Monday, April 28, 2014

A High-School Freshman's Investing Lesson: Time Horizons Matter

You don't have to be old enough to drive to play master of the universe. I'm just 15 years old, but in a national stock-market game sponsored by the Securities Industry and Financial Markets Association, I quickly grasped the way hedge fund managers must feel when they make decisions.

My friend Zachary Weiss and I had two months to beat 1,235 other groups of New Jersey high schoolers. There wasn’t any real money at stake, so we were playing for glory and, in the case of Northern Valley Demarest Regional High School, where we're freshmen, a tour of the New York Stock Exchange.

Unfortunately, we won't be visiting the Big Board. We didn’t even finish in the top half. But we learned some valuable lessons.
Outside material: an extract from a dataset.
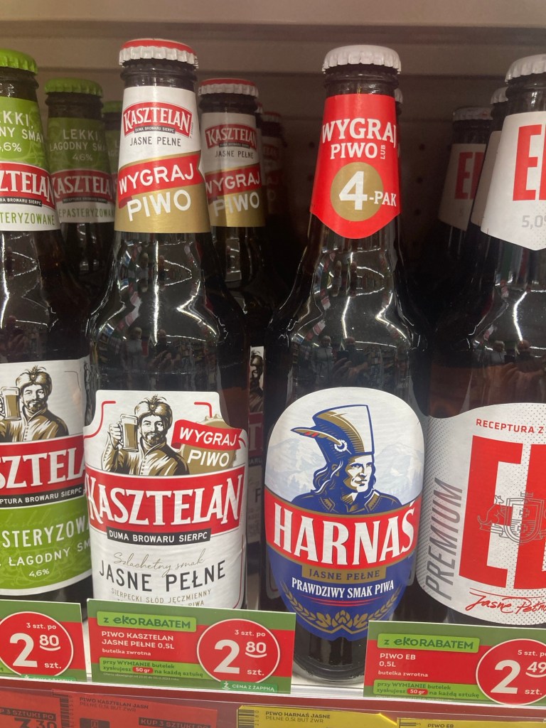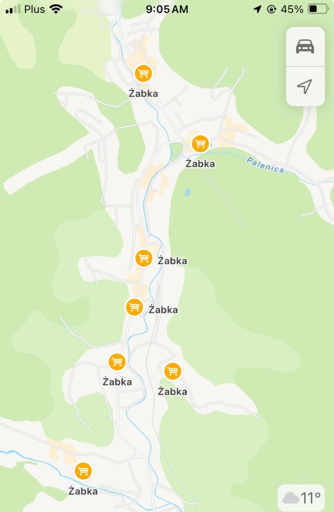No grocery stores and few restaurants in the area around Bieszczady, so the hotel room includes dinner, breakfast, and you can make a hiking lunch at breakfast.Hiking in Europe, off season. This obelisk is on the border of Ukraine, Poland, and Slovakia. The circular economy has gone too farPoles don’t need very much “wilderness” to make some trails and go for a hike. They would be confused by Canadian parks – where are the hordes of people?Poland has their own version of the Japanese 7-11s, called Zabka. A lot of them.The Spa town of Krynica-Zdroj has reached peak-ZabkaSome of the alcohol for sale at a Zabka. Maybe it’s just Canada that makes a big deal of only selling alcohol in special stores. Polish Robin Hood on the right, and the administrator who hunted him on the left.

First, that you shouldn’t have a two-month time frame in mind when investing. And second, that people do funny things when their own money isn’t at stake.

As the game was getting underway, my dad, who writes The Wall Street Journal's Ahead of the Tape column, showed me some of the most volatile securities out there, which my partner and I thought of as essential for victory in a short-term game where anything can happen.

Deciding the market probably would rise, we sold short securities that produced double the daily return of VIX futures. My dad explained that, on average, they should lose over 90% of their value each year. We also bought securities that did the opposite. We used the proceeds from our shorts and bought on margin, increasing our risk and potential return. Then Vladimir Putin came into our lives and we found ourselves in 1,016th place.

However, we weren't going to give up there. We took advantage of a bombed-out Russian stock market and bought an ETF tracking it for a quick gain. Then we took a big risk by shorting GW Pharmaceuticals PLC, a company riding the cannabis stock fad that had just hit an all-time "high," up 1,000% in nine months. That was our biggest winner.

In 16th place overall early this month and well ahead of nearly everyone from our high school, we had the tour of the stock exchange in the bag. But we wanted to win the whole contest and we rolled the dice again. Not a good idea. Knowing that natural gas was the most volatile commodity, we shorted a note that pays three times the performance of the fuel. Oops! A late spring cold wave later, we had lost over 30% on the bet.

We ended the contest in 706th place. The only consolation is that just 9% of our fellow students beat the S&P 500. Why? Most chose flashy stocks familiar to them, like Tesla Motors Inc. and Apple Inc., that also struggled over the two months we were playing the game.

Clearly, not every decision we made was the right one. But I don't regret our strategy. Our goal was to beat out a bunch of other teams that were all chasing crazy returns over a very short span, so we had to go big or go home.

We would have done it differently if we were saving real money for retirement. And if you're in the mood to take advice from a 15 year old, believe me when I say: you should too.

Jonah Jakab, a freshman at Northern Valley Demarest Regional High School in Demarest, New Jersey, is the son of Spencer Jakab, who writes the Wall Street Journal's Ahead of the Tape column.